#### TASK TO CARRY OUT
This task calls for the lines below starting at the one containing "浴室的墙壁和天花板所占面积最" and ending at the one containing "Ist schon witzig", repeated exactly with both ends kept and pictures left out.

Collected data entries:
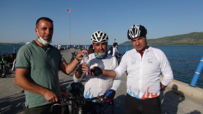 Balıklıgöl'den aldıkları suyu Van'ın Edremit ilçesinde Van Gölü'ne dökeceklerini belirten URBİT Başkanı Mehmet Aslan da, "Bu gece Tatvan'da konaklayacağız ve yarın da bisiklet sürerek 140 kilometre yol gideceğiz. Amacımız Van Gölü'nün güzelliğine ve çevre temizliğine dikkat çekmektir" dedi.
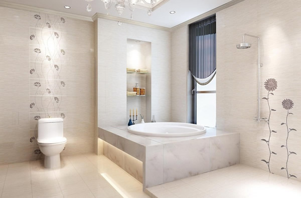 浴室的墙壁和天花板所占面积最大,所以应选择既防水又抗腐蚀和防霉的材料来确保室内卫生,瓷砖、强化板和具防水功能是塑料壁纸都能达到这些要求。天然石料如大理石则具有特殊的质感,但可异在狭小的大卫生间内发挥不了效果。
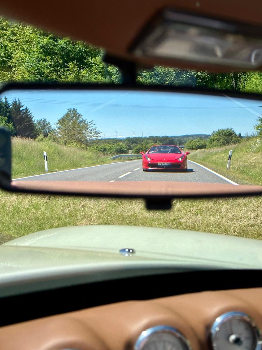 Ist schon witzig @ellbc das gleiche bild im Rückspiegel von diesem Ferrari habe ich auch irgendwo , ist auf der Rückfahrt von Drehzahl und Momente entstanden :-))))
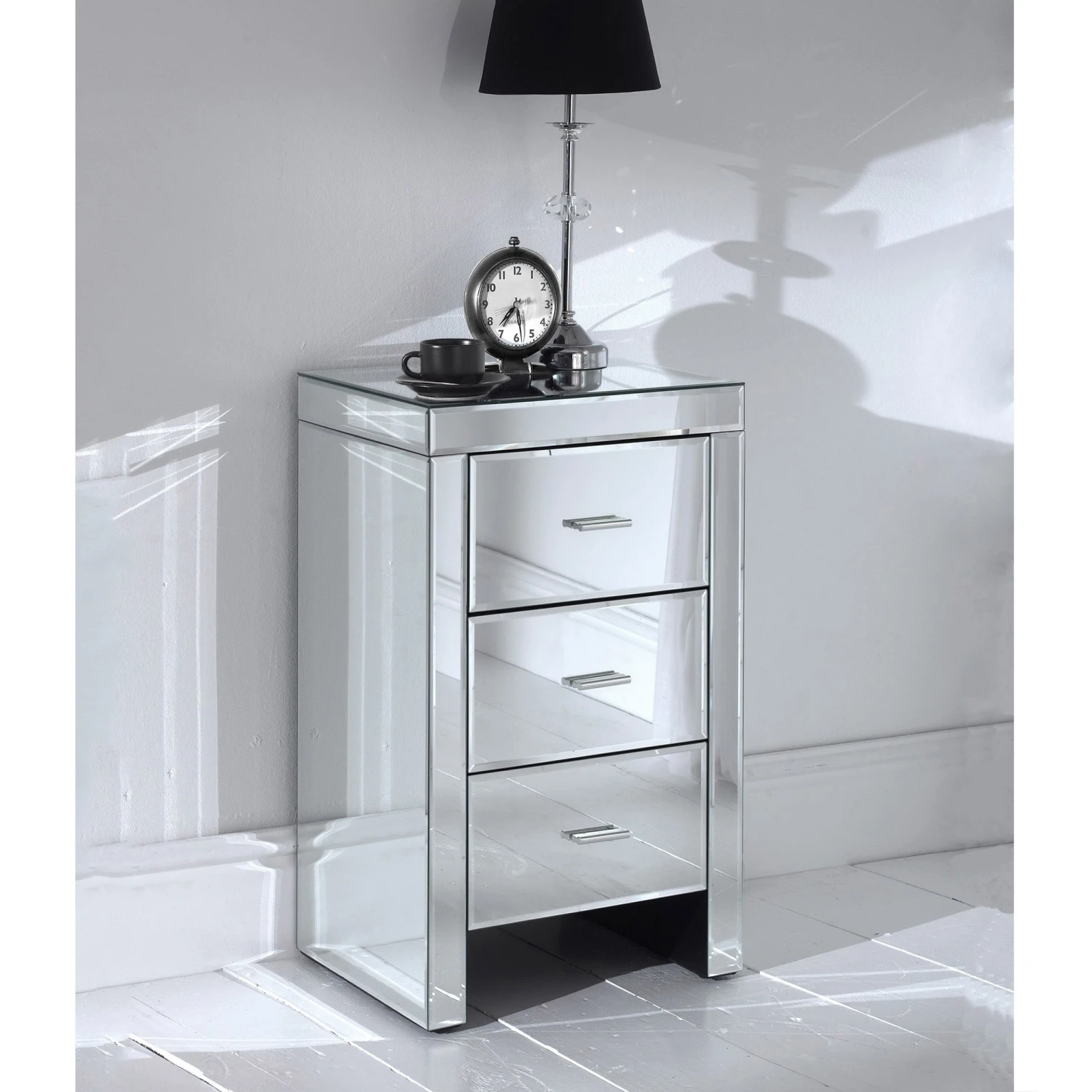 A breath-taking addition to our collection of Venetian mirrored furniture. This slim Romano mirrored bedside has been carefully built using a combination of mirror glass and wooden frames. It has been inspired by the Italian Venetian period, the versatile design of this range will sit comfortably in a modern or traditional setting making this mirrored slim bedside a wonderful addition in your home, perfect to give the appearance of a bigger brighter room.
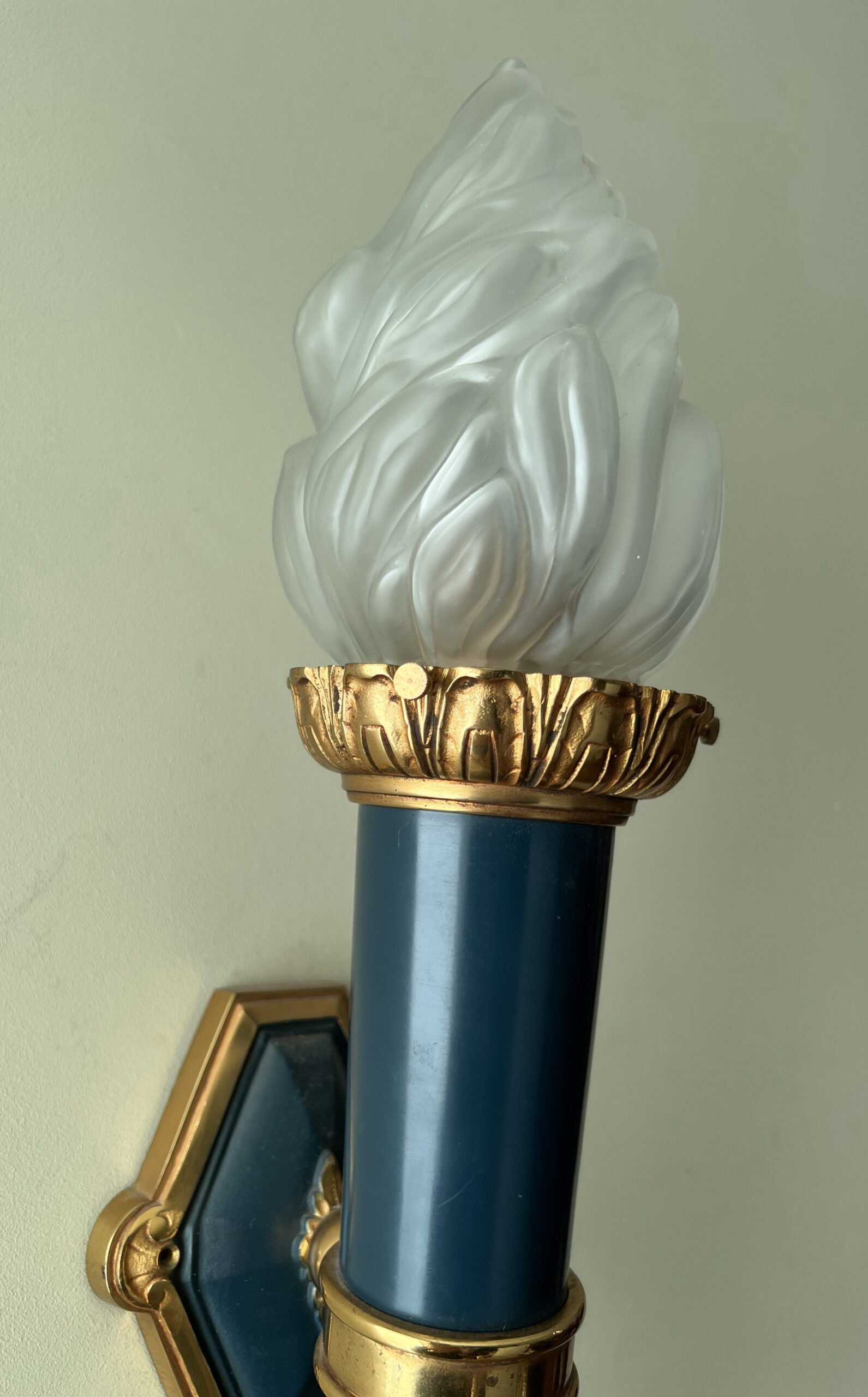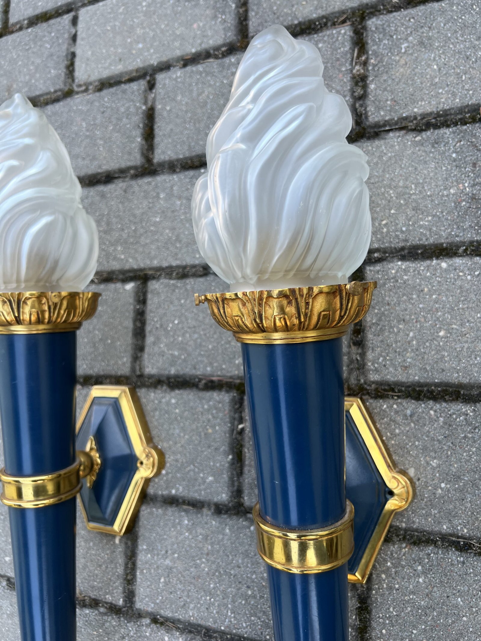 Šviestuvai, bra bronziniai, Ampyro stiliaus stikliniais liepsnelių gaubtais. 2 vnt. Kaina po 178

#### TASK SOLUTION
 浴室的墙壁和天花板所占面积最大,所以应选择既防水又抗腐蚀和防霉的材料来确保室内卫生,瓷砖、强化板和具防水功能是塑料壁纸都能达到这些要求。天然石料如大理石则具有特殊的质感,但可异在狭小的大卫生间内发挥不了效果。
 Ist schon witzig @ellbc das gleiche bild im Rückspiegel von diesem Ferrari habe ich auch irgendwo , ist auf der Rückfahrt von Drehzahl und Momente entstanden :-))))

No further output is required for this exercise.